ACE inhibitors are characterized by a “first dose” effect - an excessive decrease in blood pressure, with the threat of collapse, dizziness, and the possibility of fainting in the first 2-4 hours after taking a full dose of the drug. This is especially dangerous for patients with coronary artery disease and cerebral insufficiency. Therefore, both captopril and inhibitors such as enalapril are initially prescribed in a significantly reduced dose of 1/4-1/2 tablet. The exception is perindopril, which does not cause first dose hypotension.
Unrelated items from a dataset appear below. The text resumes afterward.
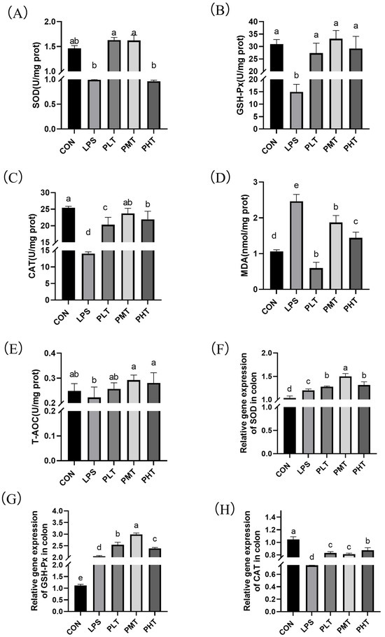 Figure 2. The effect of terpinen-4-ol on the activity and gene expression of antioxidant enzymes in the colon of immune-stressed piglets. (A) SOD enzyme activity. (B) GSH-Px enzyme activity. (C) CAT enzyme activity. (D) MDA enzyme activity. (E) T-AOC enzyme activity. (F) SOD gene expression. (G) GSH-Px gene expression. (H) CAT gene expression. The data are represented as mean ± SD, n = 8. Different letters indicate significant differences (p < 0.05).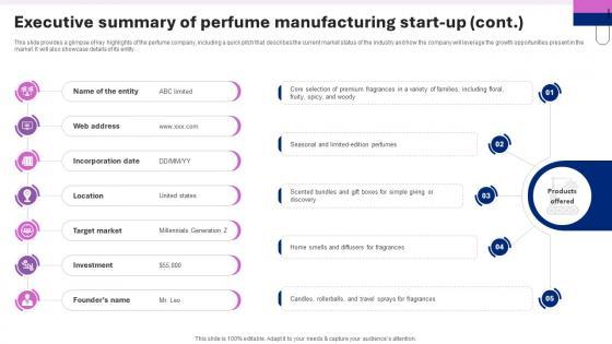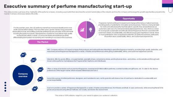 This slide provides a glimpse of key highlights of the perfume company, including a quick pitch that describes the current market status of the industry and how the company will leverage the growth opportunities present in the market. It will also showcase details of its entity. Do you have an important presentation coming up Are you looking for something that will make your presentation stand out from the rest Look no further than Perfume Manufacturing Business Plan Executive Summary Of Perfume Manufacturing Start Up BP SS V. With our professional designs, you can trust that your presentation will pop and make delivering it a smooth process. And with Slidegeeks, you can trust that your presentation will be unique and memorable. So why wait Grab Perfume Manufacturing Business Plan Executive Summary Of Perfume Manufacturing Start Up BP SS V today and make your presentation stand out from the rest This slide provides a glimpse of key highlights of the perfume company, including a quick pitch that describes the current market status of the industry and how the company will leverage the growth opportunities present in the market. It will also showcase details of its entity.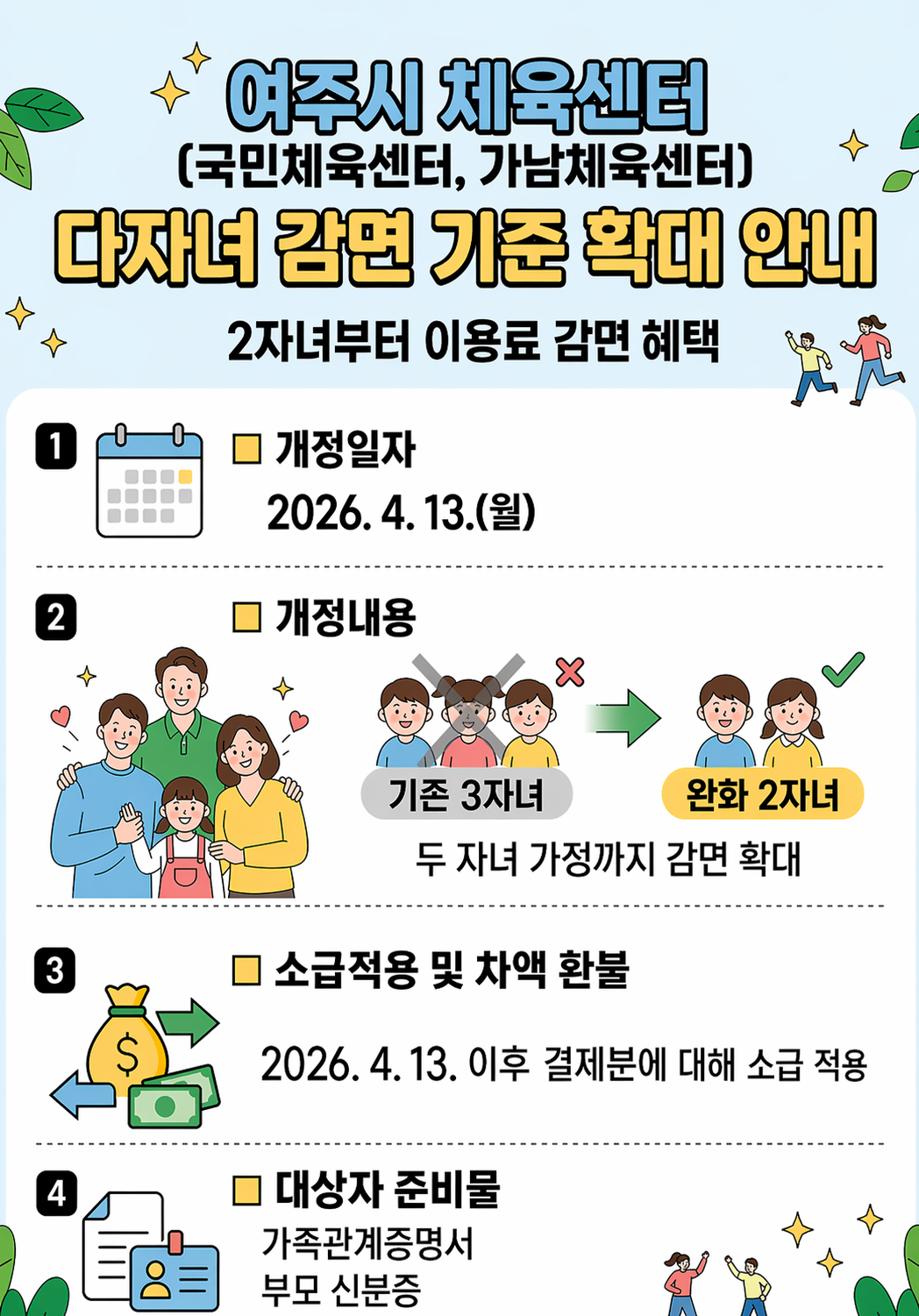여주시 체육센터 다자녀 감면 기준 확대 안내

Which ACE inhibitor is better?

Among ACE inhibitors, Prestarium has the best qualities. This drug at a dose of 4-8 mg when taken once a day provides an effective dose-dependent reduction in blood pressure from the first weeks of treatment. Prestarium stably controls blood pressure throughout the day with a single dose. Among all ACE inhibitors, Prestarium has the highest T/P ratio (the ratio of the final effectiveness of the drug to the maximum), which is confirmed by the FDA (US Food and Drug Administration) and the Consensus of the European Society of Cardiology. Thanks to this, Prestarium provides true control of blood pressure over a 24-hour period and reliably protects against a rise in blood pressure during the most “dangerous” morning time, when the risk of complications such as heart attack or stroke is especially high.

In terms of the price-quality ratio, the drug Berlipril should be noted as one of the high-quality generics for treatment with ACE inhibitors.